HD 154857

Observation data Epoch J2000 Equinox ICRS
- Constellation: Ara
- Right ascension: 17^{h} 11^{m} 15.72205^{s}
- Declination: −56° 40′ 50.8712″
- Apparent magnitude (V): 7.25

Characteristics
- Evolutionary stage: subgiant
- Spectral type: G5IV-V
- B−V color index: 0.699±0.001
- Variable type: Constant

Astrometry
- Radial velocity (R_{v}): +28.10±0.12 km/s
- Proper motion (μ): RA: +87.442 mas/yr Dec.: −55.861 mas/yr
- Parallax (π): 15.8176±0.0197 mas
- Distance: 206.2 ± 0.3 ly (63.22 ± 0.08 pc)
- Absolute magnitude (M_{V}): 3.07

Details
- Mass: 1.718+0.03 −0.022 M_{☉}
- Radius: 2.1±0.1 R_{☉}
- Luminosity: 4.4±0.3 L_{☉}
- Surface gravity (log g): 3.83±0.03 cgs
- Temperature: 5,740±46 K
- Metallicity [Fe/H]: −0.26±0.01 dex
- Rotational velocity (v sin i): 1.44±0.50 km/s
- Age: 5.8±0.5 Gyr
- Other designations: CD−56°6717, CPD−56°8059, GC 23146, HD 154857, HIP 84069, SAO 244491, PPM 345752, TYC 8735-1682-1, GSC 08735-01682

Database references
- SIMBAD: data

= HD 154857 =

Star in the constellation of Ara

HD 154857 is a star with two exoplanetary companions in the southern constellation of Ara. It is too dim to be visible with the naked eye having an apparent visual magnitude of 7.25. The star is located at a distance of 206 light years from the Sun based on parallax measurements, and is drifting further away with a radial velocity of +28 km/s.

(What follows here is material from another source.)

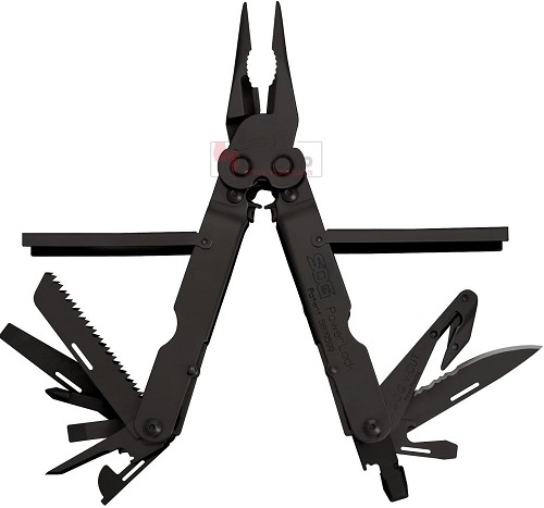 מולטיטול תוצרת חברת SOG צבע שחור, כלי רב שימושי בעל הפטנט הייחודי לחברת SOG- מנגנון מכפיל כוח, נפתח ונסגר בקלות, בעל מנגנון נעילה לכלים לעבודה בטיחותית, ידיות הכלי עשויות פלדת אל חלד, בעל סגנון להב חצי חלק חצי משונן, מתאים לשימוש כלל בעלי המקצוע, כלי מאוד מגוון וורסטילי

This is a G-type star with a stellar classification of G5IV-V. The absolute magnitude of this star is two magnitudes above the main sequence, which suggests that the star is evolving toward the subgiant stage. It is a metal-poor thin disk star approximately six billion years old and is chromopherically quiet although not in a Maunder Minimum state. The star is larger, more massive, and more luminous than the Sun. It is spinning with a projected rotational velocity of 1.4 km/s.

==Planetary system==

The discovery of one confirmed and one unconfirmed Jovian exoplanet was reported in 2004 and 2007 respectively. The first planet HD 154857 b has mass >1.8 times that of Jupiter. It orbits the star 20% further than Earth-Sun distance, taking 409 days with 47% eccentricity. The additional object (HD 154857 c) was confirmed as a planetary companion in January 2014.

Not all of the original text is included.